When creating modern ventilation systems, the aim is to provide healthier, above-average comfort levels and air quality using less energy.

These requirements are difficult to meet using traditional mixed-flow ventilation, but a personalized ventilation system can satisfy them. The WELL Working Group of Hungary Green Building Council (HuGBC) [1] developed a unique concept that supports individual comfort preferences based on six options in line with the WELL Building Standard. The two most important components of the workstation developed based on the WELL Building Standard features include an adjustable-height desk and fresh air supply to individual users. Optimising the conditions of air supply allows you to reduce fresh air volume and install smaller ventilation equipment while the user gets fresher air more adjustable to individual needs. Fresh air supply to individual users may also significantly reduce the risk of infection from droplet-borne diseases.

1. Introduction

In new construction and deep renovation projects, state-of-the-art doors and windows are installed to make the building airtight minimising heat loss. Providing a healthy and comfortable yet energy-saving ventilation solution, however, is becoming increasingly challenging. In office buildings, work efficiency is affected by the volume and quality of air supply in the occupied zone which means the workstation area in this case. 

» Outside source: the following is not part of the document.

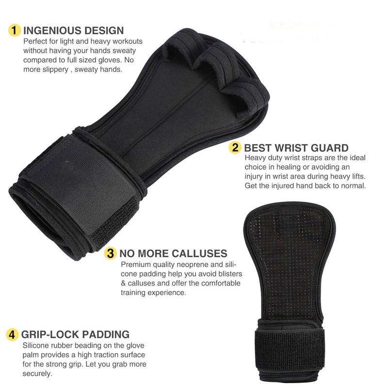 Pull Up Gloves (Pair) with Wrist Support for Cross Training, WODs, Gym Workout with Micro Fiber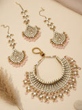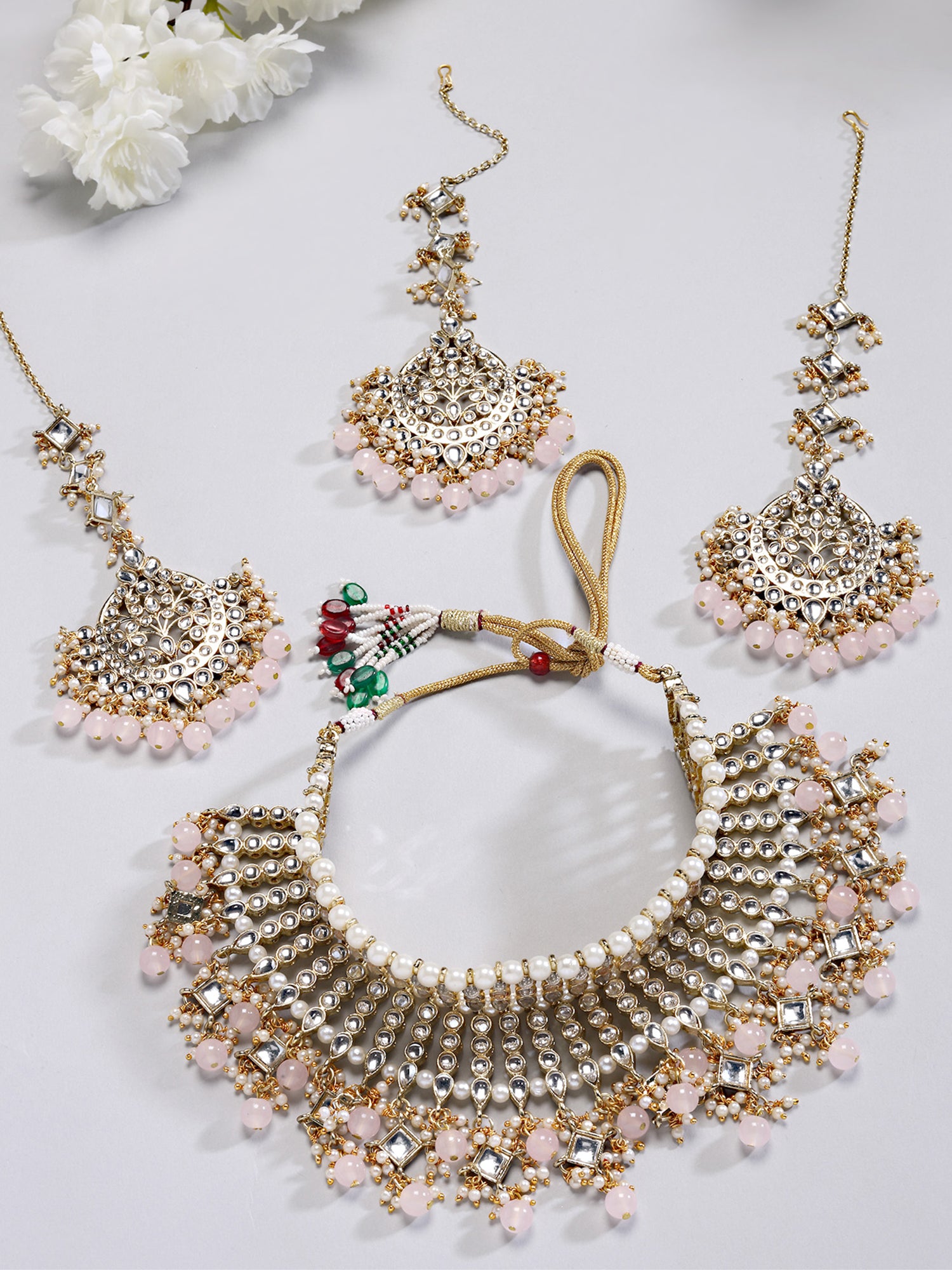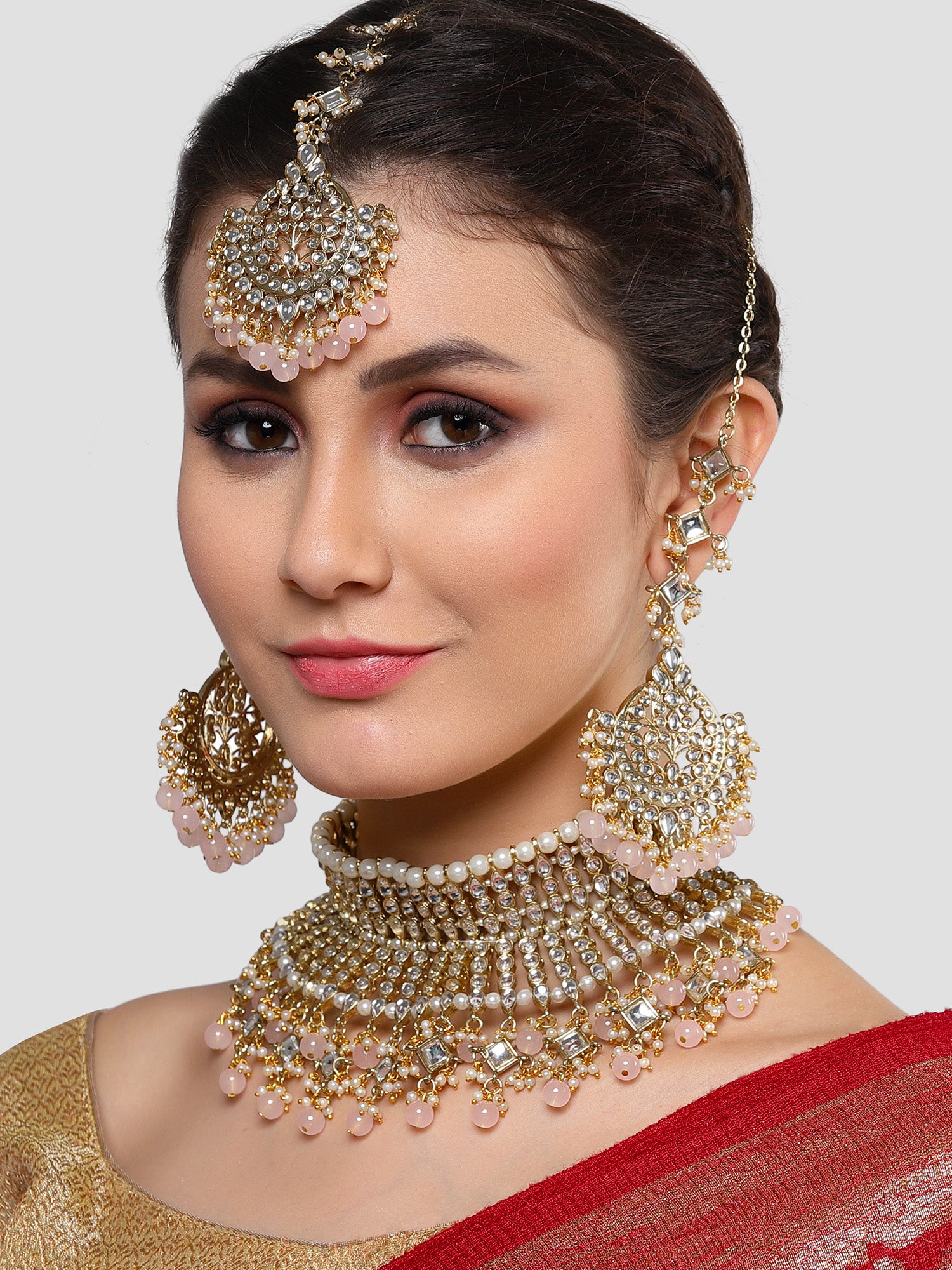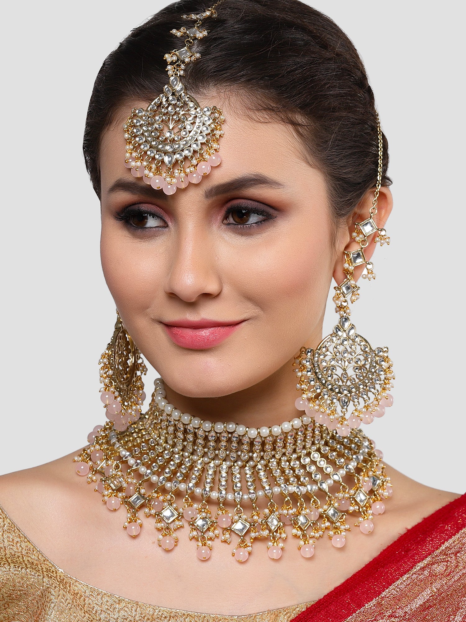 Karatcart Gold Plated Pink Beads Kundan Bridal Choker Necklace Set for Women

When ceiling ventilation is applied, satisfaction survey respondents often complain that ventilation air parameters at their workstations are not appropriate. In many cases, a driver’s seat offers a higher level of comfort and control to users than their office workstations where they spend 6 to 8 hours a day. Based on WHO data, poor air quality is responsible for the death of 7 million people, that is, one in eight deaths globally, every year [2]. Outdoor air quality is expected to deteriorate due to the energy crisis also in Hungary where many people replaced gas heating with wood or multi-fuel heating in autumn 2022. With outdoor air pollution being on the rise, incoming air filtering and artificial ventilation become increasingly important. Moreover, based on surveys conducted by the Ministry for Innovation and Technology (ITM), 95% of coronavirus cases were caused by droplet-borne indoor infections, with aerosol transmission playing a minor role [3]. Due to requirements of health and comfort, as well as sustainability and energy conservation, it’s high time that mixed-flow ventilation be replaced with systems supplying fresh air directly to users.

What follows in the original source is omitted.